Suddenly curmudgeons are cool - and reassuring
LONDON
Walk through bookstores in London this month and you might find yourself smiling at a quirky new title: "Grumpy Old Women." As if to signal the book's tongue-in-cheek humor, the cover pictures four almost-smiling women - definitely not old and decidedly not grumpy.
Written by Judith Holder, a stand-up comic in her mid-40s who also produces a TV series of the same name, the book offers readers a chance to chuckle at the countless petty vexations of life that often know no age limits.
Grumpiness reigns as a classic stereotype of the later years.
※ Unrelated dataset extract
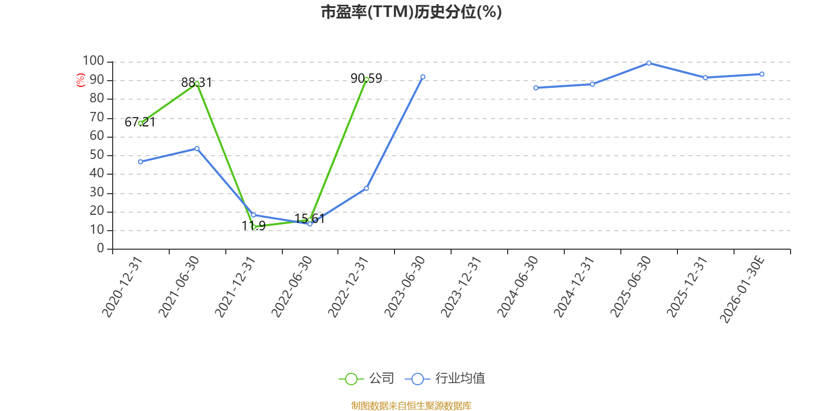 市盈率、市净率为负时,不显示当期分位数,会导致折线图中断。

It's the stock in trade of cartoonists, who love to draw little old ladies brandishing rolled umbrellas at whatever displeases them, as well as frowning older men harrumphing their way through the day. And in the world of TV, don't forget the crotchety Clara Pelter, who won a place in Americans' hearts by barking "Where's the beef?" in Wendy's commercials.
In Ms. Holder's world, what's there to grumble about if you're no longer young and a size 6? Trying to find stylish clothes can rank high on the list. So can wrinkles. And then there's the feeling of invisibility women experience as the decades roll along.
As reassurance that occasional crotchetiness can be an equal-opportunity pastime, a BBC TV series called "Grumpy Old Men" offers a similar gripe-fest for the other half of the population. For both sexes, one observer notes, it's now "cool to be a curmudgeon."
Surprisingly, it may even be cool to be older. Holder thinks her mother's generation might have more reason to be cheerful than her own. Women of that era, she explains, didn't have to wrestle with career decisions. They enjoyed more free time and less stress.
Holder also notes that by the time she reaches her mother's age, the pension she's been counting on may shrink or even disappear, forcing her to work into her 70s.
Perhaps she can be excused for indulging in a little middle-aged grumbling.
Around the time that Holder's book reached bookstores, New Woman magazine appeared on British newsstands with a study hinting that young career women may have their own list of grump-inducing complaints.
Seventy percent of young women say they refuse to work as hard as their mothers. And 60 percent find themselves irritated by role models who supposedly "have it all." Weary of social pressure to be perfect wives, mothers, and career women, they grumble about the lack of balance in their lives.
But don't call them Grumpy Young Women. The phrase just doesn't have quite the right ring.
Nobody wants to listen to a chronic grumbler for very long. But as Holder shows, playing the subject for laughs, some grumps offer comforting reassurance that others share our anxieties and petty grievances.
As these gripers sputter through their latest rant on the perceived indignity of the day - the vicissitudes of age, poor service, unruly children, rude cellphone users - the rest of us can be content to smile sweetly and listen in silence, letting them register our complaints for us.